Items listed in a dataset
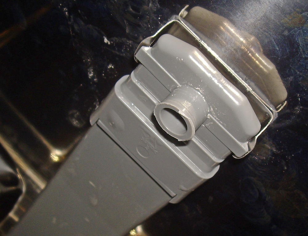 I answer myself, I’m sure this problem will crop up for everyone now. The sprinkler was held on the pipe by a flange made at the same time, it simply wore off, and so the impeller fell out. I couldn’t remove the pipe in the car - the hooks hold it tightly, I had to dismantle the entire pipeline - to do this you need to unscrew 2 screws on the bottom of the car, then you can calmly remove the ill-fated square. In the place where the original flange was, a spring ring was put on, made from a spring for keys - the spring was released by the flame of a lighter, the diameter of the ring was reduced, cut strictly along the circumference, somehow hardened, then pressed onto the pipe and slightly melted with a lighter .
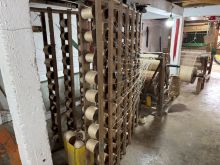 140 threads wide are turned onto a large drum that feeds the weaving machine
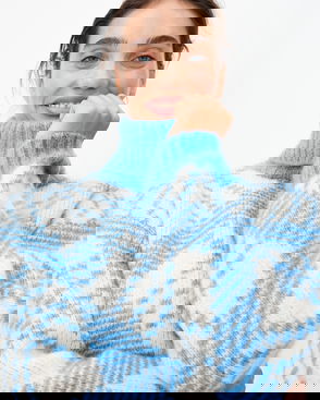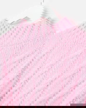 Tonal pink and orange jumper knitted in an abstract geometric pattern, with ribbed trims and relaxed fit.
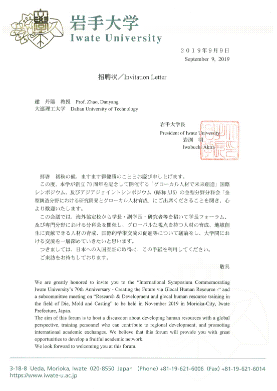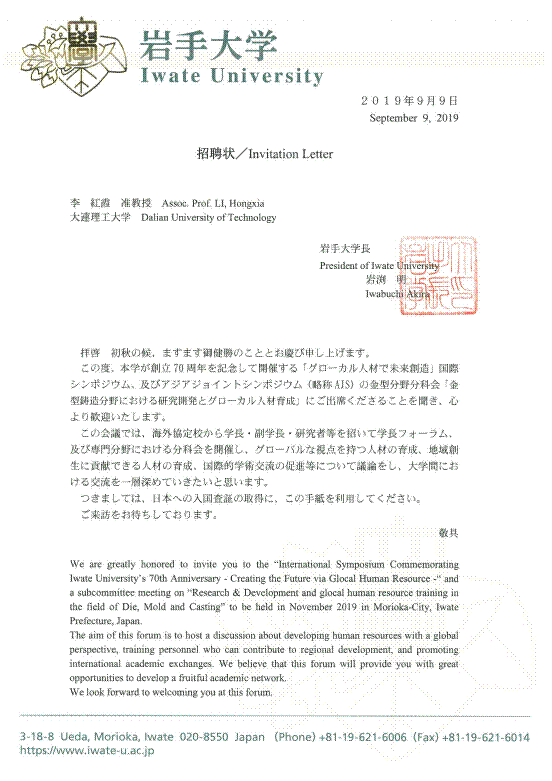 11月14-15日 参加在岩手大学举办的“2019亚洲产学研合作模具技术学术研讨会”
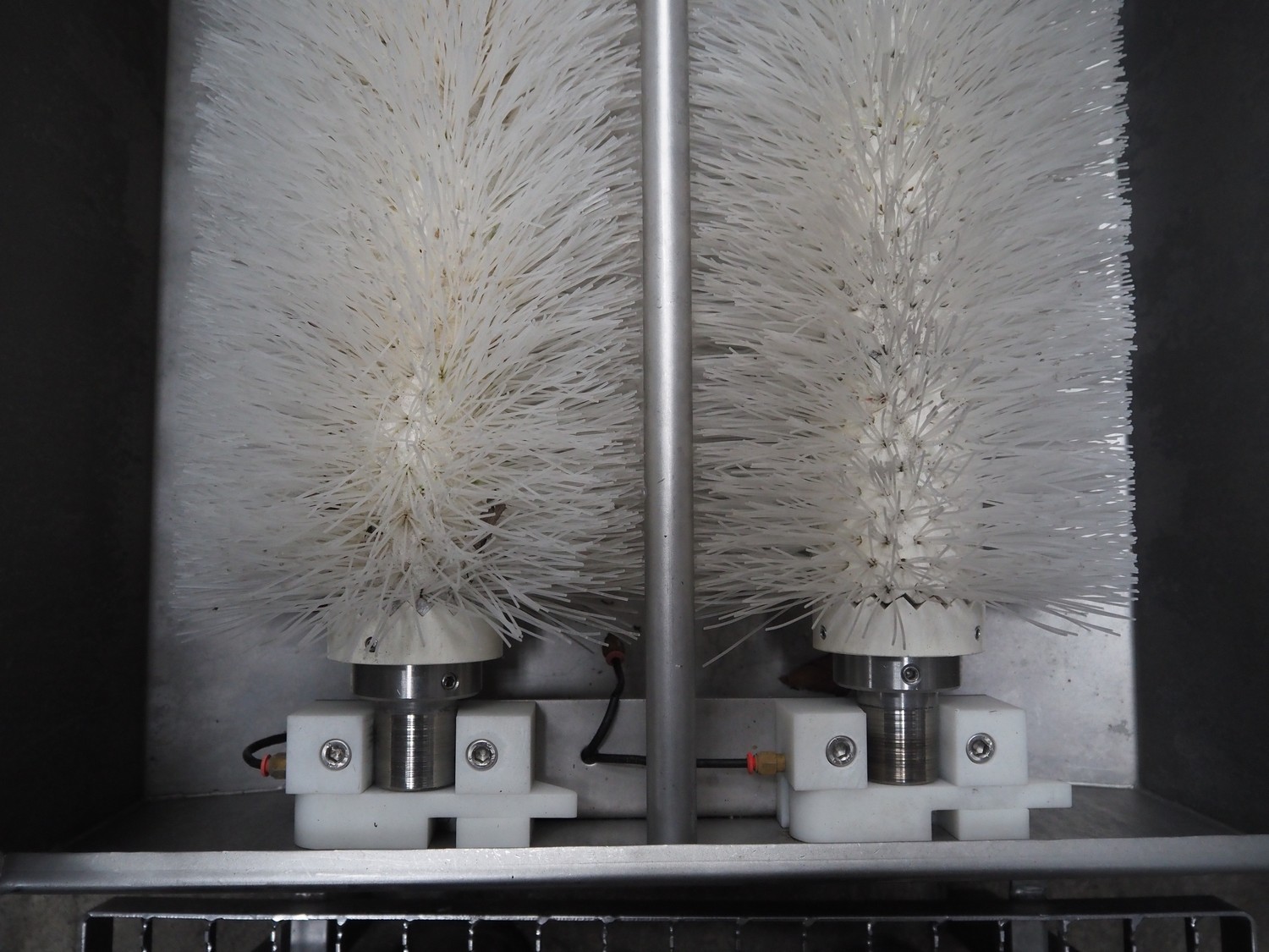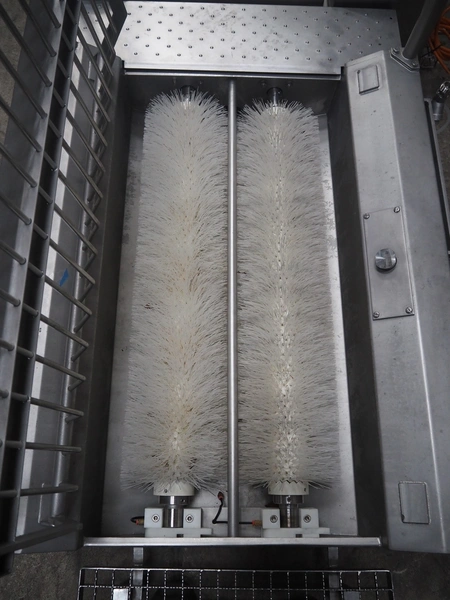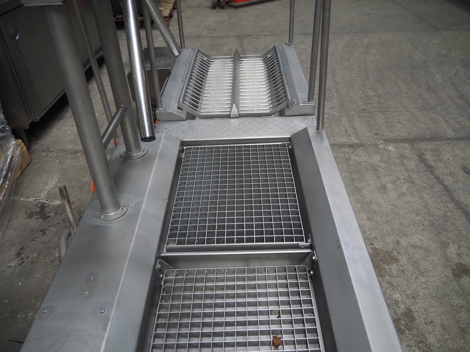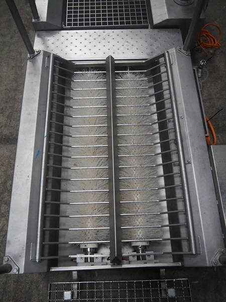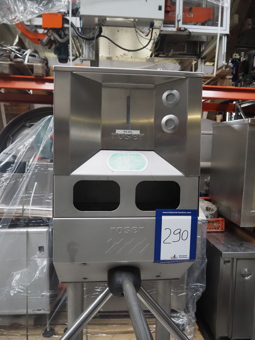 Roser hygiene station with sole cleaner, hand disinfection and tourniquet, type: 28939, serial number: 0038, year of construction: 2004, 220/380 V, 50/60 Hz, 0.75 kW, brush length: (2x) 800 mm, total dimensions: 3000 mm x 1100 mm x 1900 mm.

**Exercise details**:
Skip the pictures. Restate exactly the lines from the start of the entries through the line containing "11月14-15日 参加在岩", both ends included.

**Output for this task**:
 I answer myself, I’m sure this problem will crop up for everyone now. The sprinkler was held on the pipe by a flange made at the same time, it simply wore off, and so the impeller fell out. I couldn’t remove the pipe in the car - the hooks hold it tightly, I had to dismantle the entire pipeline - to do this you need to unscrew 2 screws on the bottom of the car, then you can calmly remove the ill-fated square. In the place where the original flange was, a spring ring was put on, made from a spring for keys - the spring was released by the flame of a lighter, the diameter of the ring was reduced, cut strictly along the circumference, somehow hardened, then pressed onto the pipe and slightly melted with a lighter .
 140 threads wide are turned onto a large drum that feeds the weaving machine
 Tonal pink and orange jumper knitted in an abstract geometric pattern, with ribbed trims and relaxed fit.
 11月14-15日 参加在岩手大学举办的“2019亚洲产学研合作模具技术学术研讨会”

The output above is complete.